The show, by Homer photographer Aleda Yourdon, consists of 20 16-by-20-inch black and white photographs. As Yourdon wrote in an explanation of her work, "the exhibit, in retrospect, seems to reflect a regeneration of awareness of the rhythm of life's challenges and our place in the world around us."
There is a female model in each of the photographs, and she seems to progress through a cycle of birth, physical existence, death and spiritual reawakening.
The first picture in the exhibit is "Human Nature." It depicts the woman huddled nude on a crude wooden staircase that is surrounded by and overgrown with dense foliage, as though she's part of, or at least spawned amid Mother Nature herself.
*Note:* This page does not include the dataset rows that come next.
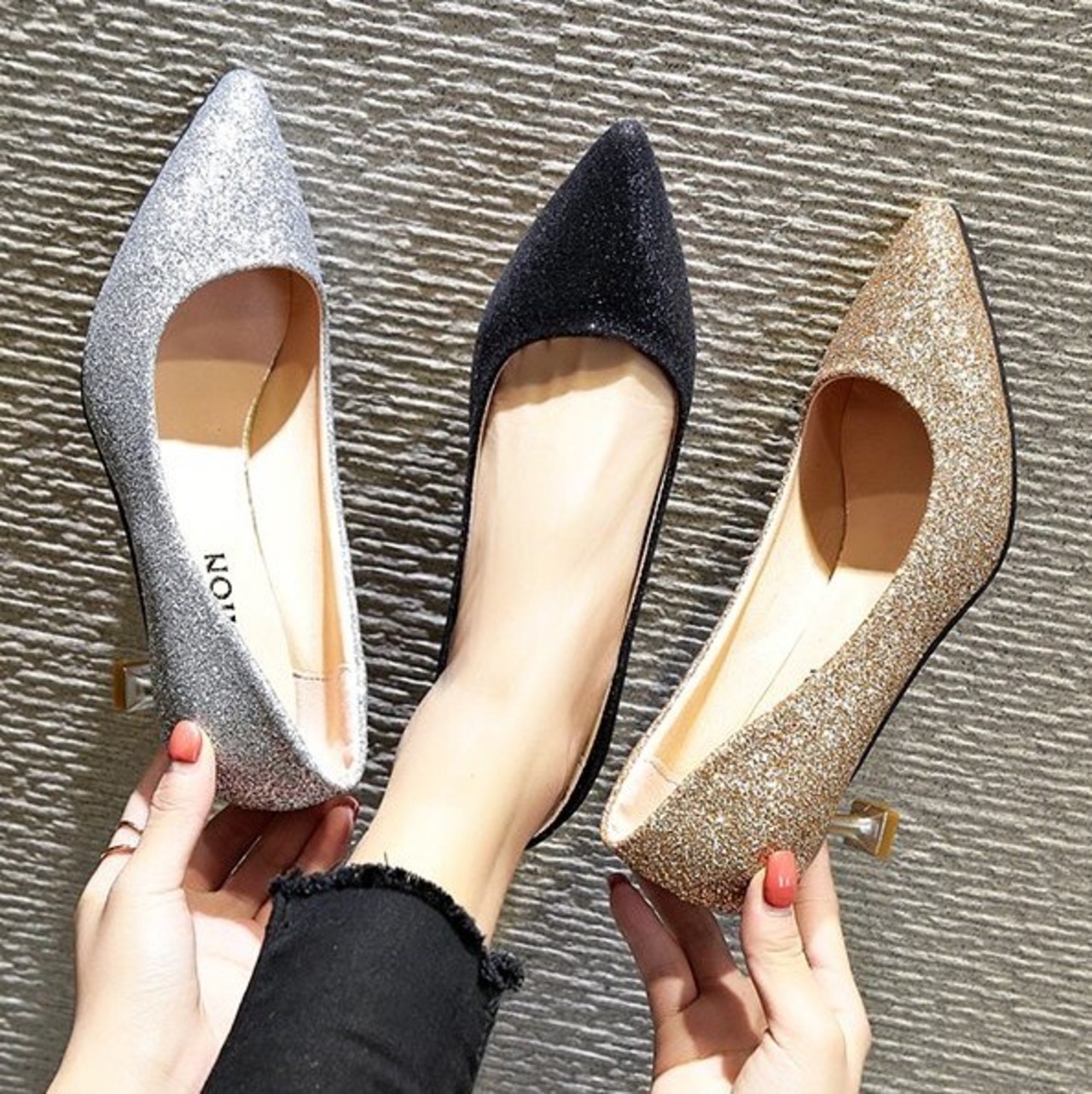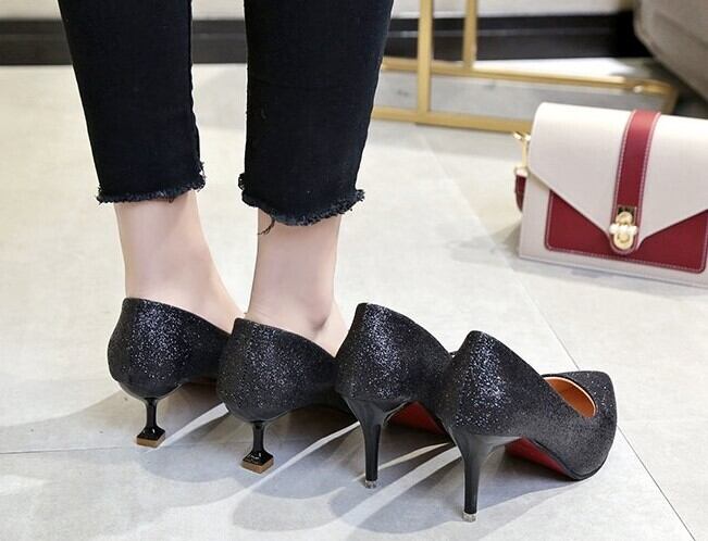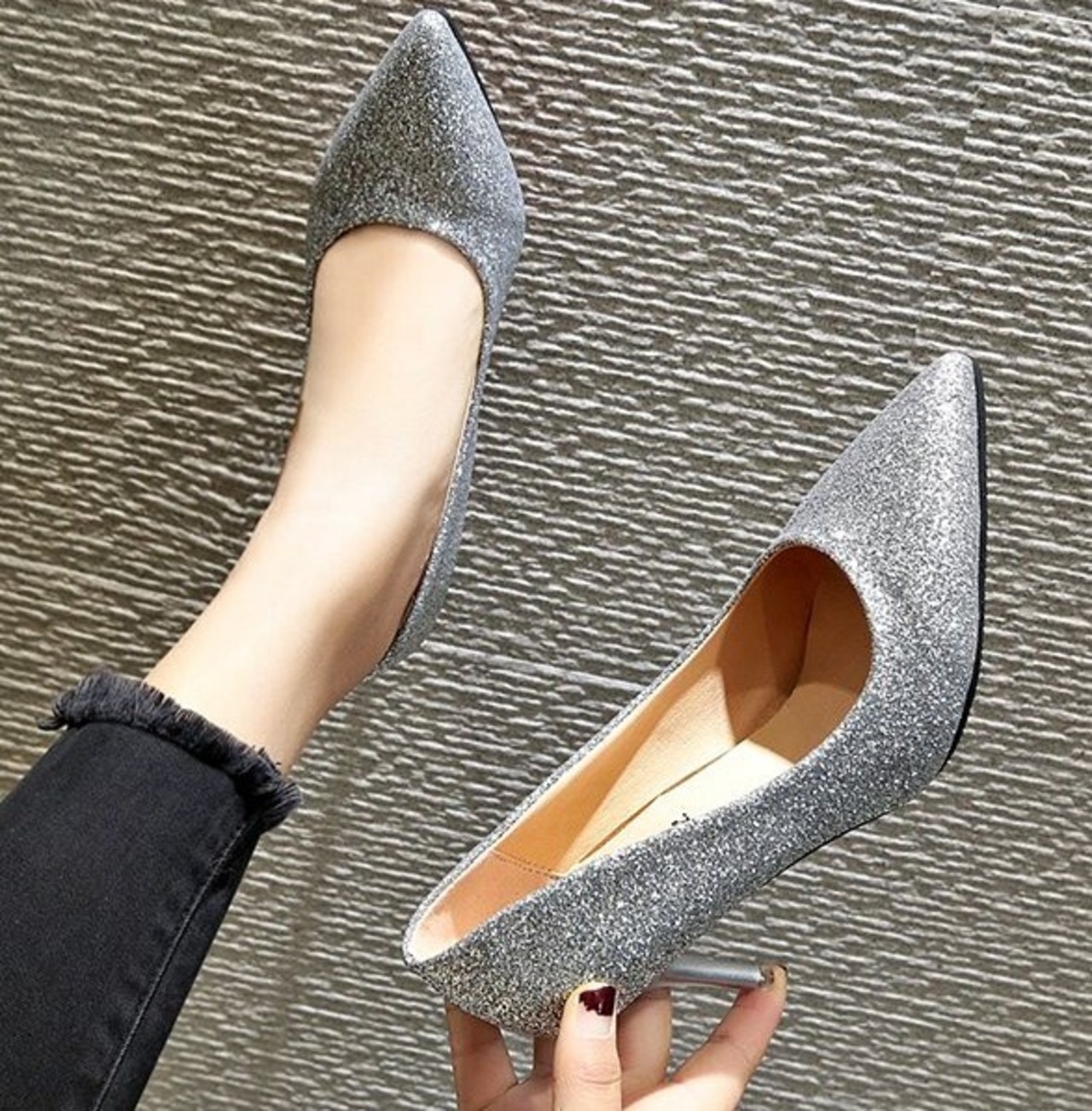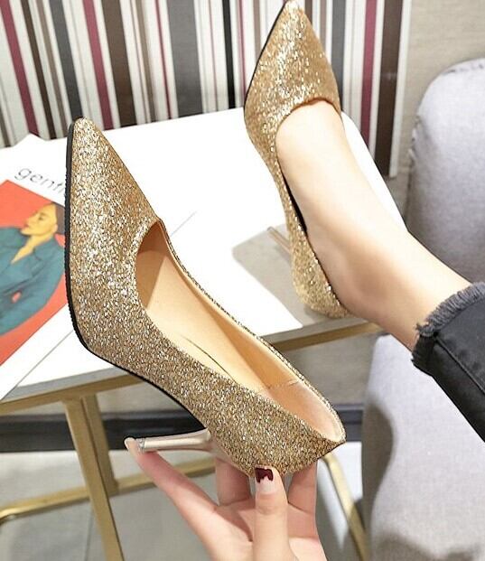 全3色 パンプス 選べるヒール 選べるサイズ ピンヒール ポインテッドトゥ セクシー 美脚 7cm 5cm 3cm パーティ 結婚式 カジュアル ブラック ゴールド シルバー 韓国 オルチャン 秋 冬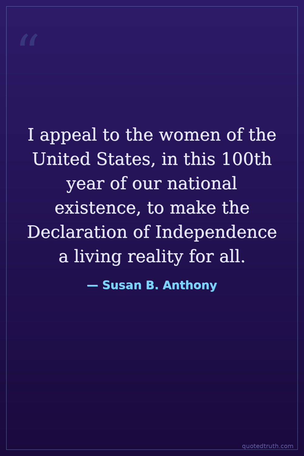 I appeal to the women of the United States, in this 100th year of our national existence, to make the Declaration of Independence a living reality for all.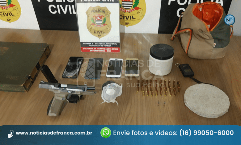 Durante a revista no imóvel, foram localizados outros três aparelhos celulares, cartões bancários, balança de precisão, cocaína, um pó branco utilizado como mistura aos entorpecentes, uma pistola calibre 9mm, duas munições calibre 22 e uma pasta contendo discos de vinil. A companheira do detido assumiu a propriedade da arma de fogo.

The first several pictures depict the woman in various natural settings, liked posed on a tree trunk in "Forgiving Tree." Pictures eight through 10, "More Than One," "Dream House" and "Death Do Us Part," are three of the four that are not in an outdoor, natural setting. In these, the model is shown dressed in elaborate wedding fare and placed in a glass case.
"More Than One"
The next four pictures seem to represent a physical death, or at least a passage from one state of being into another. The figure is dressed in black and is draped in a black shawl.
"As Above, So Below," picture 12 in the series, is a long shot of the darkly-clad woman standing on the beach at the edge of a pool of water left by the receding tide. Her image is reflected in the water below her. The picture is a collage of different textures, with the rippled pattern etched in the sand by the tide, the disturbed yet glassy surface of the water, and the craggy, snow-capped mountains in the background.
"Fly Away" is a more distant shot of the woman by the pool of water on the beach. This time her arms are outstretched and draped with a fringed black shawl so she looks, as the title implies, like she is about to take flight.
The next series of shots are of the woman posed on the beach dressed as an angel --complete with elaborate, feathered wings.
"Distant Shore," and the first of the angel pictures, is one of the few shots that is not sharply focused. The figure of the angel is double exposed, which makes her look transparent and effectively ethereal.
"Journey's End" is the last of the angel pictures, and arguably the most dramatic in the show. The model is posed at the edge of the surf with her arms reaching up to the cloudy sky. The tips of her wings curl around her body and her feet are sunken into the wet sand. The drama comes from the light captured in the shot.
Yourdon's works are on exhibit until Oct. 19. The gallery's hours are Monday through Thursday from 8 a.m. to 8 p.m. and Friday from 8 a.m. to 5 p.m.